I'm 48, how drastic are my benefit cuts going to be?

 

 

Lee Baker of Minneapolis, Minn., asks:

I am a single 48-year-old woman who is going to need Social Security to live. I do have a 401 K but no where near enough to cover all expenses. I work in advertising and there will be no health coverage provided by my company when I retire. How drastic are my benefit cuts going to be?

Peter Orszag responds:

One of the problems is that the only details released by the Administration involve individual accounts, which as the Administration itself admits do nothing to help restore solvency to Social Security. (Indeed, they may harm solvency. See http://www.brook.edu/views/testimony/orszag/20050209.htm.)

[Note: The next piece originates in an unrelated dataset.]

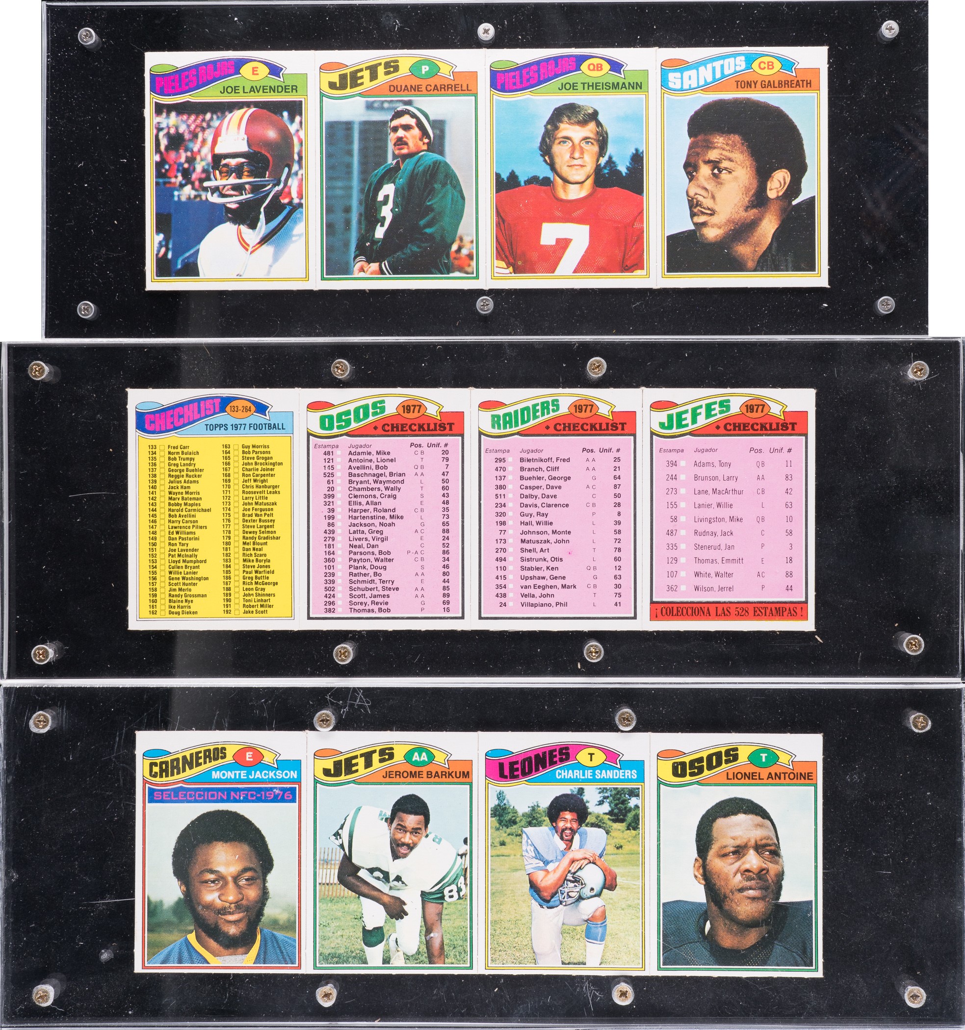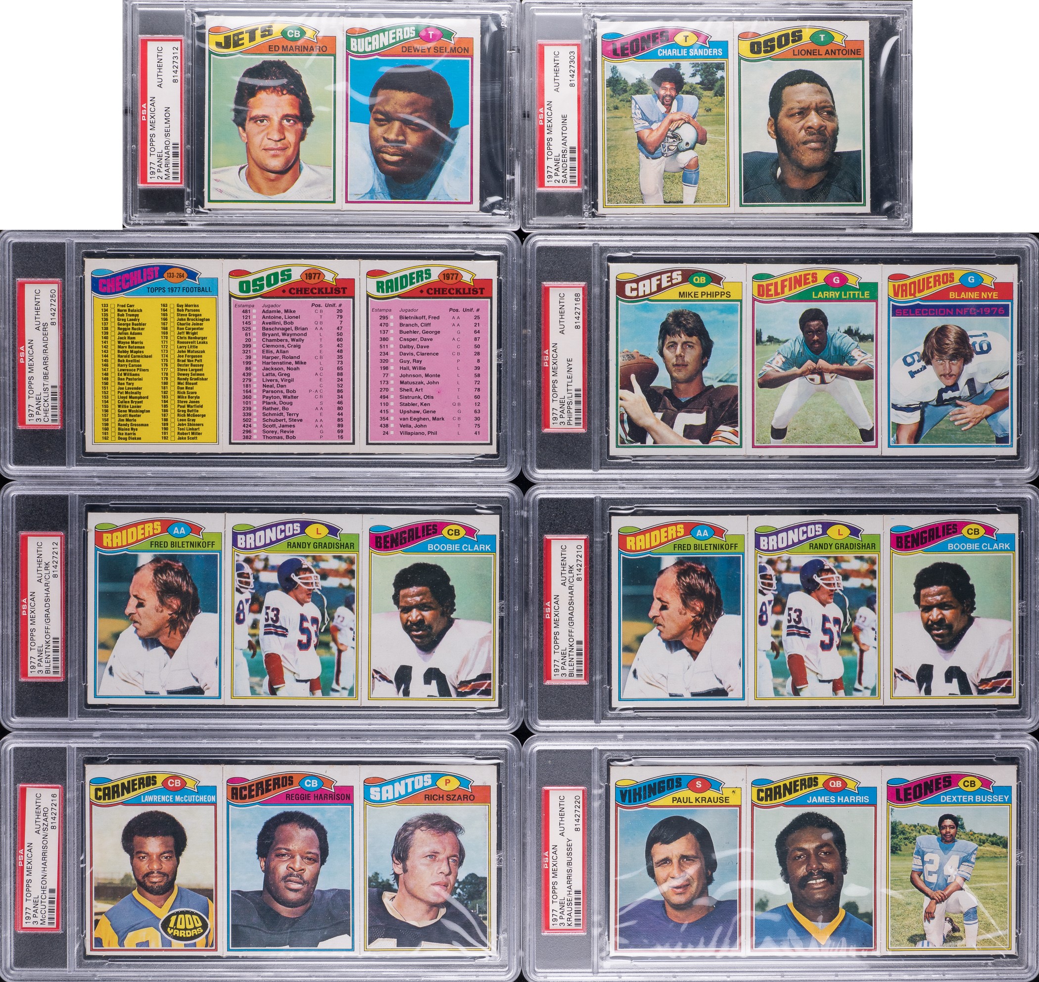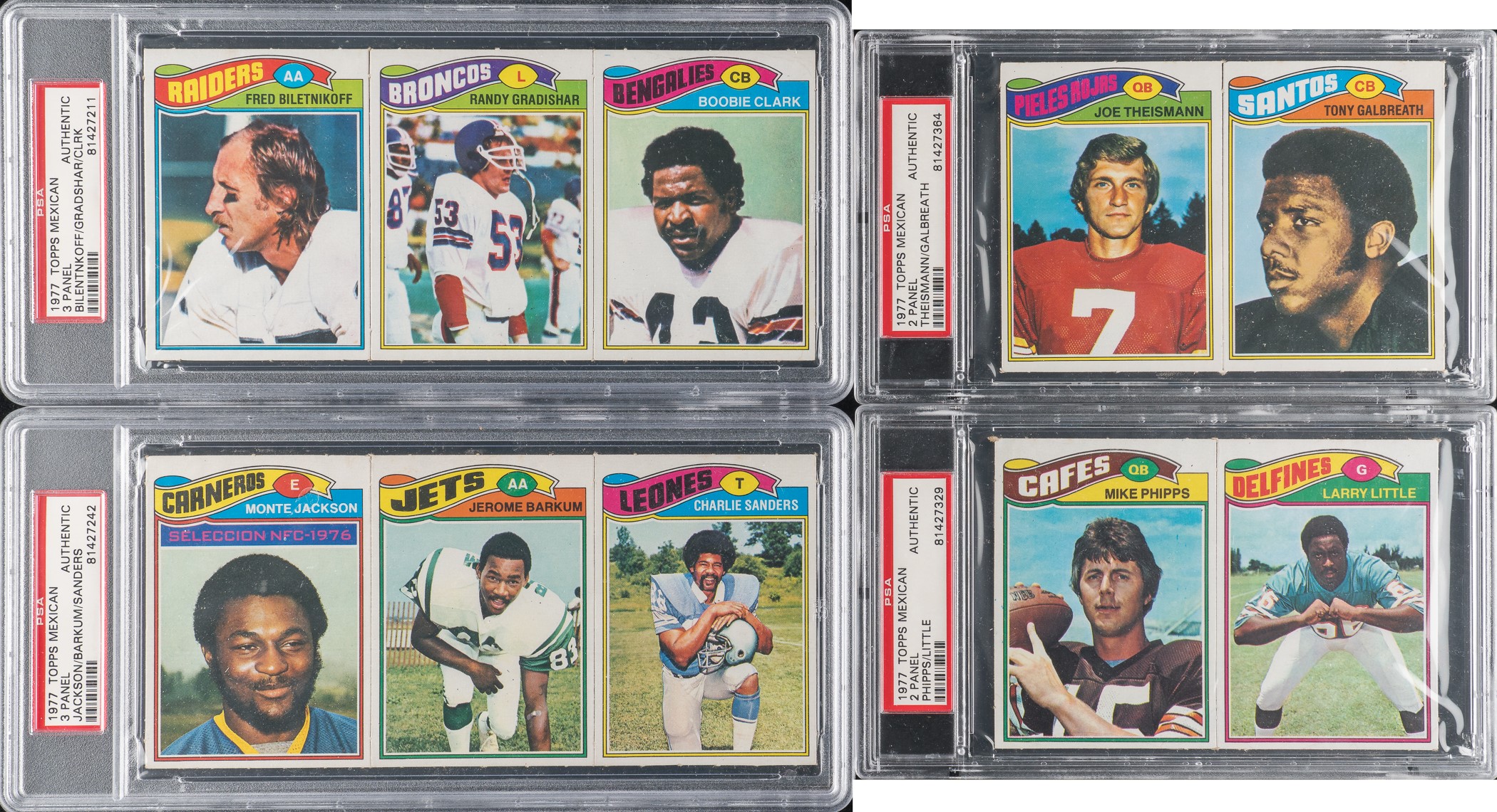 Presented is a substantial collection of 252 uncut panels from the 1977 Topps Mexican Football series, consisting of 693 cards in total, highlighted by forty-three Hall of Famers. The extremely rare Topps "Mexican" series is among the most fascinating football sets of the 1970s. They are identical in design to their American counterparts, but with the text printed in Spanish. This collection is composed of 120 two-card panels, seventy-five three-card panels, and fifty-seven four-card panels. Of the 252 panels offered in this collection, 195 have been encapsulated as Authentic by PSA, while the balance are housed in plastic screw-down holders. The forty-three Hall of Famers included are represented by multiple examples of #85 Charlie Sanders, 125 Paul Krause, 172 Larry Little, and 295 Fred Biletnikoff. All the panels appear to be in Excellent condition with bright colors and crisp images. Moderate to heavy duplication throughout.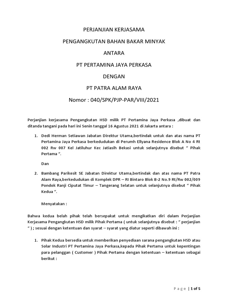 Perjanjian kerjasama Pengangkutan HSD milik PT Pertamina Jaya Perkasa ,dibuat dan

I can't fully answer the question until the administration tells us how it is proposing to eliminate the deficit in Social Security. Under one of the leading plans from the President's Commission, though, you'd experience about a 3 or 4 percent benefit reduction.

Michael Tanner responds:

Any benefit changes would be phased in very slowly. Someone in your age group would probably see a reduction of only a few dollars a month in the government-provided portion of your benefits. However, you would also have the option of choosing an individual account. The returns from your account would enable you to compensate for any benefit reductions you receive, and possibly even get higher benefits.